Of the material below, only the lines from the line containing "18Large rectangular mirror." down to the line containing "Metallic cartridge pistols" belong in the answer, written out exactly.

▸ DATA
------------------------------------------------------------
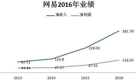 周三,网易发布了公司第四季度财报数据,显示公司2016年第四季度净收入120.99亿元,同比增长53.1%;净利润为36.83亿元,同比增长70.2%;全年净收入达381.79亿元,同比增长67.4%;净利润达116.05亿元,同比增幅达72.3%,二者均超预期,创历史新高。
------------------------------------------------------------
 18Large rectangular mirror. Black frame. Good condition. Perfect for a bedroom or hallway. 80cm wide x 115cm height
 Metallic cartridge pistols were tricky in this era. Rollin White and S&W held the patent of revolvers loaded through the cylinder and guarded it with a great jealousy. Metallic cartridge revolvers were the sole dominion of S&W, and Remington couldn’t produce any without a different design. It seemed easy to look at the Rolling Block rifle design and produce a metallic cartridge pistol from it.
------------------------------------------------------------
▸ RESPONSE
 18Large rectangular mirror. Black frame. Good condition. Perfect for a bedroom or hallway. 80cm wide x 115cm height
 Metallic cartridge pistols were tricky in this era. Rollin White and S&W held the patent of revolvers loaded through the cylinder and guarded it with a great jealousy. Metallic cartridge revolvers were the sole dominion of S&W, and Remington couldn’t produce any without a different design. It seemed easy to look at the Rolling Block rifle design and produce a metallic cartridge pistol from it.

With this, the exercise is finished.